:: Provided information

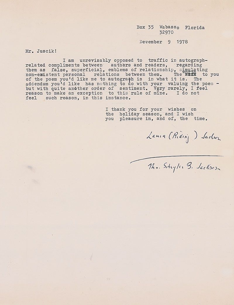 American writer (1901–1991) known for her association with Robert Graves. Scarce TLS signed “Laura (Riding) Jackson, Mrs. Schuyler B. Jackson,” one page, 8.5 x 11, December 9, 1978. Response to an autograph seeker. In part: “I am unrevisably opposed to traffic in autograph-related compliments between authors and their readers, regarding them as false, superficial, emblems of relationship, simulating non-existent personal relations between them…Very rarely, I feel reason to make an exception to this rule of mine. I do not feel such reason, in this instance.” In fine condition.
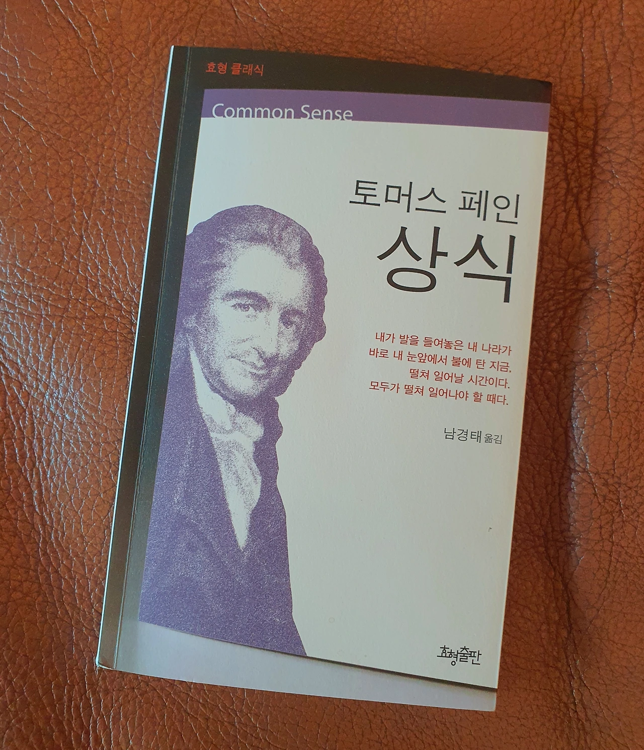 상식은 제가 위에서 열거한 어린 시절의 기억이나, 과거 스코틀랜드의 철학자들에 의해서, 그리고 현재 영국의 현실 정치에 등장하고 있지만 역사상 상식이 가장 빛을 발한 것은 미국의 독립 시기에 등장한 상식일 것입니다. 어떻게 보면 미국의 독립을 이루어 낸 것이 상식이라고 할 정도로 상식은 당시 엄청난 영향력을 발휘했습니다. 바로 토머스 페인이 쓴 <상식(Common Sense)>이라는 저서입니다. 1776년 출간된 그 책은 3개월 만에 10만 부가 팔렸을 정도로 많은 사람들이 읽었는데 당시 글을 아는 독립 이전 미국인들은 거의 다 읽었을 정도로 <상식>은 선풍적인 인기를 끈 베스트셀러였습니다. 책이라 하기엔 50페이지 정도로 얇아서 팸플릿이라 불리는 소책자입니다.
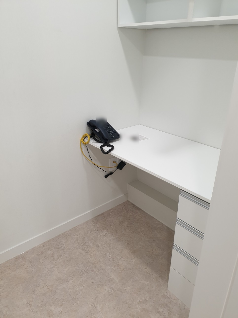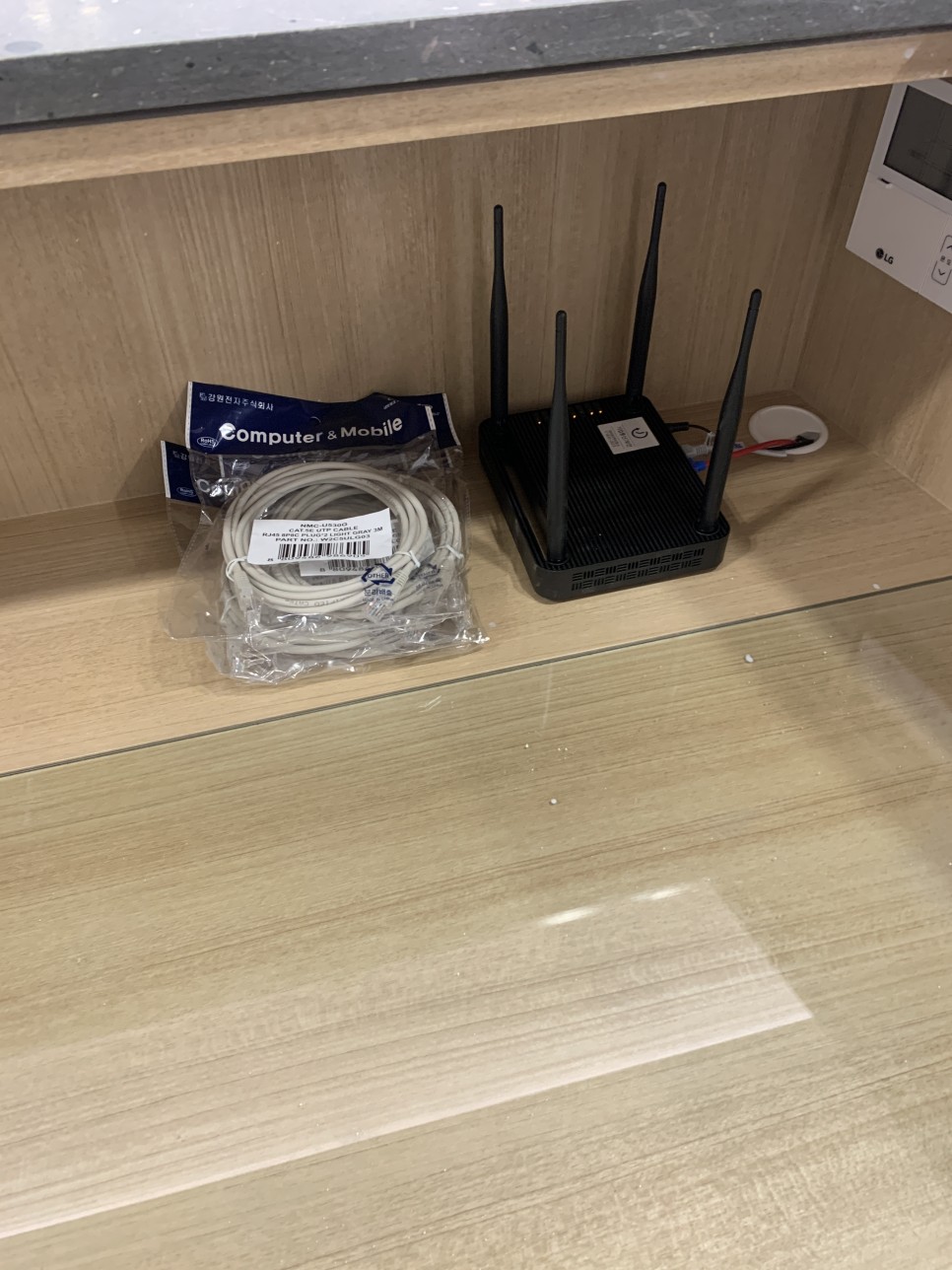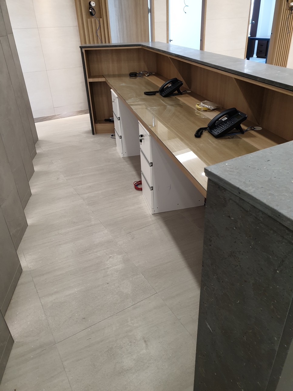 Mesh 기술을 이용하여 와이파이를 안정적으로 사용하실 수 있도록 접수대 위에 설치 및 설정해드렸습니다. 또한 접수대 아래 스피커 선, 물리보안 선이 어지러져 있는 부분을 깨끗이 정리해드렸습니다!
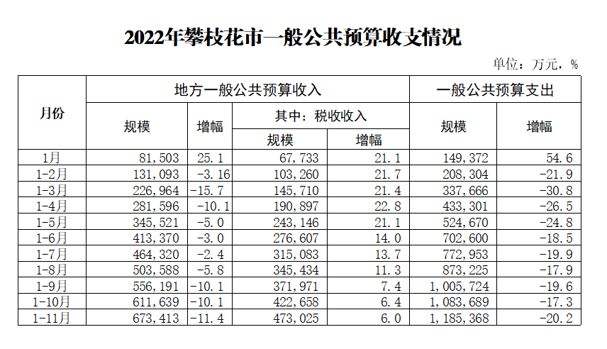 2022年攀枝花市一般公共预算收支情况(按月).xlsx
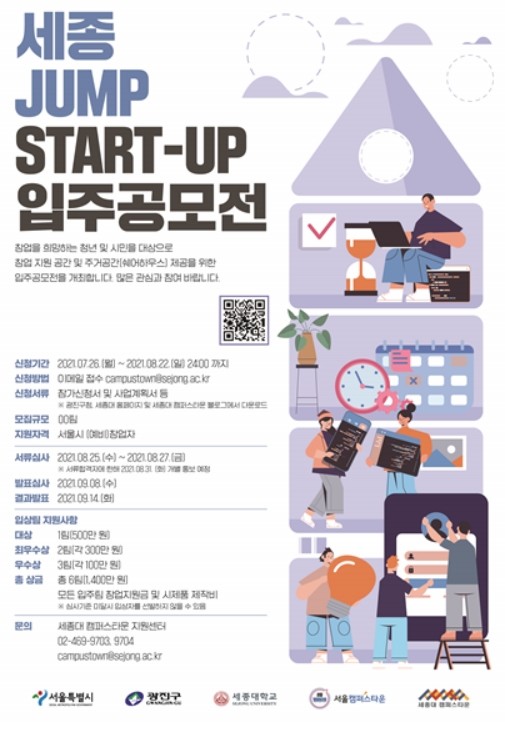 세종대학교(총장 배덕효) 캠퍼스타운 지원센터는 예비창업자를 지원하기 위한 캠퍼스타운 입주공모전을 개최한다.

::::

Your answer must be the lines from the one containing "Mesh 기술을 이용하여" through the last line of the listing above, restated word for word, with no pictures.

 Mesh 기술을 이용하여 와이파이를 안정적으로 사용하실 수 있도록 접수대 위에 설치 및 설정해드렸습니다. 또한 접수대 아래 스피커 선, 물리보안 선이 어지러져 있는 부분을 깨끗이 정리해드렸습니다!
 2022年攀枝花市一般公共预算收支情况(按月).xlsx
 세종대학교(총장 배덕효) 캠퍼스타운 지원센터는 예비창업자를 지원하기 위한 캠퍼스타운 입주공모전을 개최한다.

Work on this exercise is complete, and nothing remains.